Sunshine for Smithsonian/Showtime

By Robert Townsend

The Smithsonian Institution is trying to sweep its secret contract with Showtime under a Congressional rug, according to Carl Malamud at the Center for American Progress. Malamud reports that “Smithsonian lobbyists are trying to paper over their exclusive 30-year sellout to Showtime, saying that the contract has posed no problems and nobody seems to be upset about it anymore.”
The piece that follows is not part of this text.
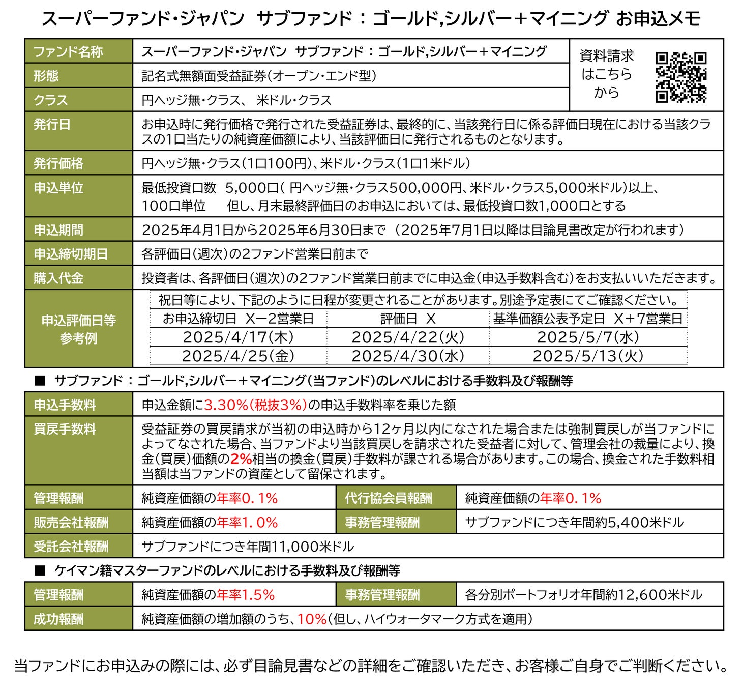 2025年4月、スーパーファンド・ジャパン株式会社は新商品「ゴールド、シルバー+マイニング」 ファンドを発売しました。

Writing on behalf of the Association, President Linda Kerber questioned the closed and secretive nature of the arrangement with Showtime back in May. Though there was a Congressional hearing, and the Smithsonian was punished by having funds deleted from its budget, the issue largely disappeared from public view. Staff at the Smithsonian even managed to get the record from the one Congressional hearing on the issue removed from the Government Printing Office website, because it included some text from the contract. (Thanks to Carl Malamud the text is still available here.)

Anyone interested keeping the pressure on Smithsonian to live up to its obligations as a public institution is encouraged to sign onto a letter to members of Congress, prepared by Malamud and the Center before November 25.
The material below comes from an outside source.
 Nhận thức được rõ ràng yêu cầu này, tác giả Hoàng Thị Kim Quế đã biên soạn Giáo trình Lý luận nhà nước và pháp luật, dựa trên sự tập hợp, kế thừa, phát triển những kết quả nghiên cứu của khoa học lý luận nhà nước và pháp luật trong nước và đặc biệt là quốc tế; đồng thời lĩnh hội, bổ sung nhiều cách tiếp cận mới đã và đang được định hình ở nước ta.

  1. I simply object to the secrecy and the 30 year term. Why cannot this arrangement be explained and debated in public?
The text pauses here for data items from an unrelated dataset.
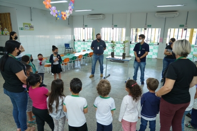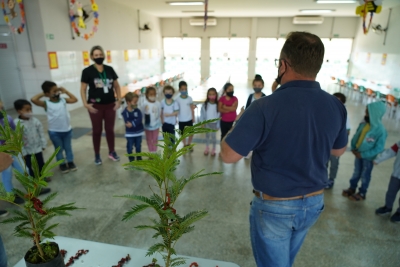 Uma escola particular da cidade também recebeu a mesma ação de plantio de mudas no início do mês. Após a breve palestra dos servidores, os alunos plantaram as mudas de espécie brinco-de-índio.
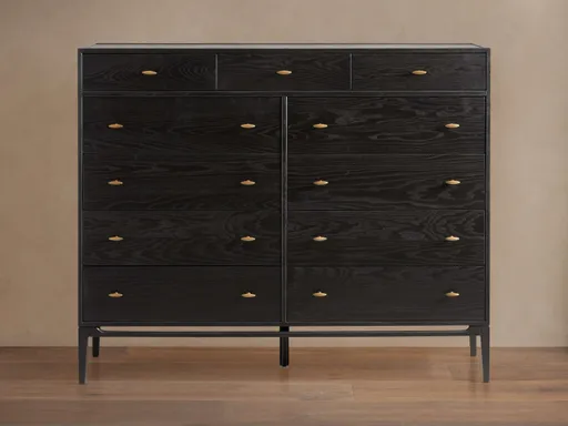 A modern classic, our Brock Bedroom Collection’s understated aesthetic features sleek silhouettes defined by clean lines and deep, hand-stained finishes. Subtle burnished brass hardware elevates Brock’s midcentury style by complementing its natural ash wood with sophisticated detailing.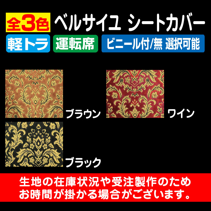 ベルサイユ シートカバー(軽トラ/運転席)[全4色]ビニール付/無 選択可能 (受注製作品/代引き不可)
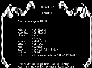 | FiLENAME: | Charlie.Countryman.2013.German.BDRip.x264-CONTRiBUTiON.mkv |

    Michael Spencer    Nov 28, 11:06 PM   


  2. University of Iowa
    Iowa City, Iowa


    — Jennifer Rebecca Harbour    Nov 29, 11:58 AM   


  3. As a former employee of the Smithsonian Institution (1983-1994), I mourn the SI Regents’ turn toward corporate models after Robert McCormick Adams’term ended. The Institution has never been the same.
    Jacki Rand


    — Jacki Rand, Ph.D.    Nov 29, 12:52 PM   


  4. We are still upset about it. The Smithsonian is a public trust, not to be compromised by an exclusive relationship with a commercial enterprise—and certainly not in a procedure shrouded in secrecy.


    — Elizabeth Heineman    Nov 29, 05:20 PM   


  5. The effort to “privatize” history that this represents is incompatible with remaining a civilized nation.